▶ **EXERCISE GOAL**: Only one span is wanted from the lines below: from the one with "2024年一季度中國涂料、顏" up to and including the one with "心内科专家罗永百在导管室为我院团队进行手术指导。". Copy it exactly, without images.

▶ **PROVIDED DATA**:

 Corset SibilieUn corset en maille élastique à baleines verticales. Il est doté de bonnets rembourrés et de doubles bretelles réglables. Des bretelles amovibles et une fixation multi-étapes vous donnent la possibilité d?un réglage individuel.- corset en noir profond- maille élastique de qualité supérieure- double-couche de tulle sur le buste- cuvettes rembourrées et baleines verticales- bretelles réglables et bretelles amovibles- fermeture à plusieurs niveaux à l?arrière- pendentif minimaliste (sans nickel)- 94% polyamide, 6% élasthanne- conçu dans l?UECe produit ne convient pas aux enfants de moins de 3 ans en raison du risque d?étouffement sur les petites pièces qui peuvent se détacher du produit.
==
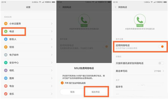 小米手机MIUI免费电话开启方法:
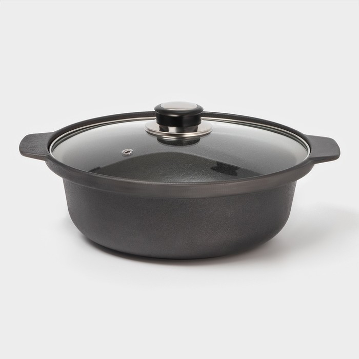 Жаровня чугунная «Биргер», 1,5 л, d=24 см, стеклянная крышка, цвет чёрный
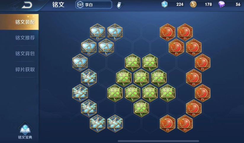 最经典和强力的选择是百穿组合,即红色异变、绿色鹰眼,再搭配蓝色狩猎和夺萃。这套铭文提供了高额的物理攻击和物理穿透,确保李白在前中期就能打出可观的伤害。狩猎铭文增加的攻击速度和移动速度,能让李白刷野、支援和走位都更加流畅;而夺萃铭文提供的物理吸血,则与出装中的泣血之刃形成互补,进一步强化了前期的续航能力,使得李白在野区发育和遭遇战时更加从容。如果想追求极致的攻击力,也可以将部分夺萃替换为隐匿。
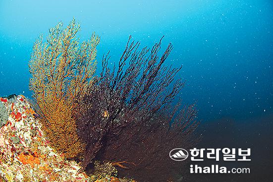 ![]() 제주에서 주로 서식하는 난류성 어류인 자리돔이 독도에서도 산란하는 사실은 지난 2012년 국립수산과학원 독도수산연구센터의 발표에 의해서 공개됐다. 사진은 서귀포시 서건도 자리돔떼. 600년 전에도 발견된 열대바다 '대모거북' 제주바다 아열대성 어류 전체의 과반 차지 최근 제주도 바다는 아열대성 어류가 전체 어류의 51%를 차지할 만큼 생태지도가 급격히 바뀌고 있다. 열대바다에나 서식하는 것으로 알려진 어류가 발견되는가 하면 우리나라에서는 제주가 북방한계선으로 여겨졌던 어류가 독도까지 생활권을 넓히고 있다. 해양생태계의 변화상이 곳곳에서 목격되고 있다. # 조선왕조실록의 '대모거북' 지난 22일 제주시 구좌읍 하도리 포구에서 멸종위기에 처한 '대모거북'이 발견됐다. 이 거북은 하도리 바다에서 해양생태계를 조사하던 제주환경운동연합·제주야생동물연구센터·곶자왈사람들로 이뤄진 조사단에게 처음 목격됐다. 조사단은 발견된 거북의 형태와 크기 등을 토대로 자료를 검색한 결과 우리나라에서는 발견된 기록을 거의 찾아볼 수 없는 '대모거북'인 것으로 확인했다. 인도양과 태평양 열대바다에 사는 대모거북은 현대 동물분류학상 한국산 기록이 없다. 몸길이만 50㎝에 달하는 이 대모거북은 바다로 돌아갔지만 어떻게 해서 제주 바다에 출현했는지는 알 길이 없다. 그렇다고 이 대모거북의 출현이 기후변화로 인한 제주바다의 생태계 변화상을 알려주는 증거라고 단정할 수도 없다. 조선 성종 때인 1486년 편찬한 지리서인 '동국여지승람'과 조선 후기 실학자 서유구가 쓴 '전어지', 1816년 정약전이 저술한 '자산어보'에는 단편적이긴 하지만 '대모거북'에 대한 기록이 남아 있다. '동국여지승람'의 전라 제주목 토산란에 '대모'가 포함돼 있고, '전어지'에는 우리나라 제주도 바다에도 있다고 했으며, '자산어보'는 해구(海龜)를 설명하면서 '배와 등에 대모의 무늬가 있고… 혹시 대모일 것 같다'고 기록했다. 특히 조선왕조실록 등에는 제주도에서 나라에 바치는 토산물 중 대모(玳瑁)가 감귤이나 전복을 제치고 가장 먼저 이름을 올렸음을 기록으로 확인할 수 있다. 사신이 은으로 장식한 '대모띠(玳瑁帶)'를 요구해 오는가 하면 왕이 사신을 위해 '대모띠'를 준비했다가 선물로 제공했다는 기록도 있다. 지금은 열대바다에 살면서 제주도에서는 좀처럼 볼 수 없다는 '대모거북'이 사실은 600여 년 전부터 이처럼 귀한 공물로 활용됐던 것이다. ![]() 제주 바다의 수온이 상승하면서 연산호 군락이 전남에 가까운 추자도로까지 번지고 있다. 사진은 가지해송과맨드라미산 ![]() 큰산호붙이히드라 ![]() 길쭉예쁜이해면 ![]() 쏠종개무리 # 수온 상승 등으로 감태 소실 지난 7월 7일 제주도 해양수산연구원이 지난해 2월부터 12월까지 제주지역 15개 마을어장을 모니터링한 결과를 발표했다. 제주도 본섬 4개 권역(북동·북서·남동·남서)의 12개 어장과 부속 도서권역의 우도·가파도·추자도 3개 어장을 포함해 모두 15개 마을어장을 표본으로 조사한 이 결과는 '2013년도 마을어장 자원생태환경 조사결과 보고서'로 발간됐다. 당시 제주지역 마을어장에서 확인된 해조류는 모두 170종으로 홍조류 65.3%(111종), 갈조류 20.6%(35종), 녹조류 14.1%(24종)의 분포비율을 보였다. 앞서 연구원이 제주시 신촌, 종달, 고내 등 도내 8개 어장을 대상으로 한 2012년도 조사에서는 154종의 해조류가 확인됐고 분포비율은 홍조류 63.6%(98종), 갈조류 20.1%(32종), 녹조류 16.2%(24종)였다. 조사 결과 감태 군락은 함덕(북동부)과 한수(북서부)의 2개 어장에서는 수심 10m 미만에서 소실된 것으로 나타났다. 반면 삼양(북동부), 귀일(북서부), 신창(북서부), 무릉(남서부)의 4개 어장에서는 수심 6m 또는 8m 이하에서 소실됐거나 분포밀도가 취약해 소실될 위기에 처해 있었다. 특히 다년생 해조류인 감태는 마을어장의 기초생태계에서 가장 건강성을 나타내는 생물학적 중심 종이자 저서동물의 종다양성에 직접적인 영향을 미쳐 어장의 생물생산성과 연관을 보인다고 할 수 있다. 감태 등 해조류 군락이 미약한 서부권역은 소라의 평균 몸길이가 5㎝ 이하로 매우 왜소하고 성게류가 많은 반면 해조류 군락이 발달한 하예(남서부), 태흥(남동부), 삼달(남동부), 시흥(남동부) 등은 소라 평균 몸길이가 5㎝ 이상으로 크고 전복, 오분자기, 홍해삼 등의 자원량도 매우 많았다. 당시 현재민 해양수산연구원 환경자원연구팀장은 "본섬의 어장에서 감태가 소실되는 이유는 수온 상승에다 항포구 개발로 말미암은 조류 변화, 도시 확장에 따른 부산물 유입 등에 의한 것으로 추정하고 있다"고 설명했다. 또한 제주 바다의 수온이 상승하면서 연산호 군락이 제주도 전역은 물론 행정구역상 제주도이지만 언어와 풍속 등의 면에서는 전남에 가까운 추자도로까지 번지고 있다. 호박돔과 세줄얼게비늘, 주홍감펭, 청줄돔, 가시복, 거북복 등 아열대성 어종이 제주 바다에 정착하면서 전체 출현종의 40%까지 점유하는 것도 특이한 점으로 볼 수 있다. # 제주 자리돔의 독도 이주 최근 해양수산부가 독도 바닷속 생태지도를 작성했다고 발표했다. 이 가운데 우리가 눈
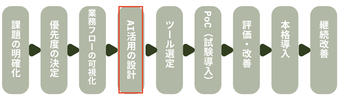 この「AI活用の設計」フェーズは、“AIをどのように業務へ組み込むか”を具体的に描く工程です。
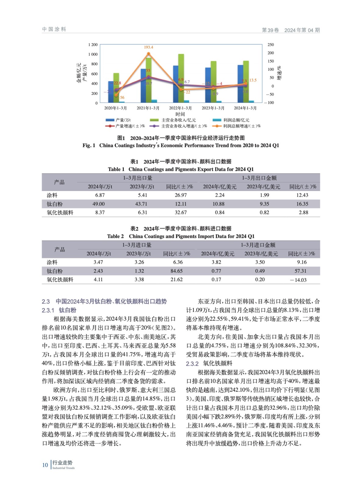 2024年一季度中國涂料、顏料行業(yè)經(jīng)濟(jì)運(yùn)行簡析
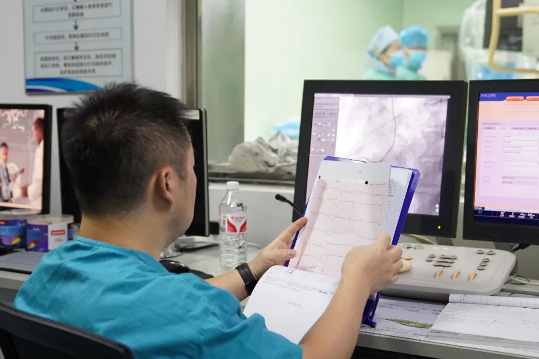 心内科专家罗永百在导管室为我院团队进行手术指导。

▶ **WRITTEN SOLUTION**:
 2024年一季度中國涂料、顏料行業(yè)經(jīng)濟(jì)運(yùn)行簡析
 心内科专家罗永百在导管室为我院团队进行手术指导。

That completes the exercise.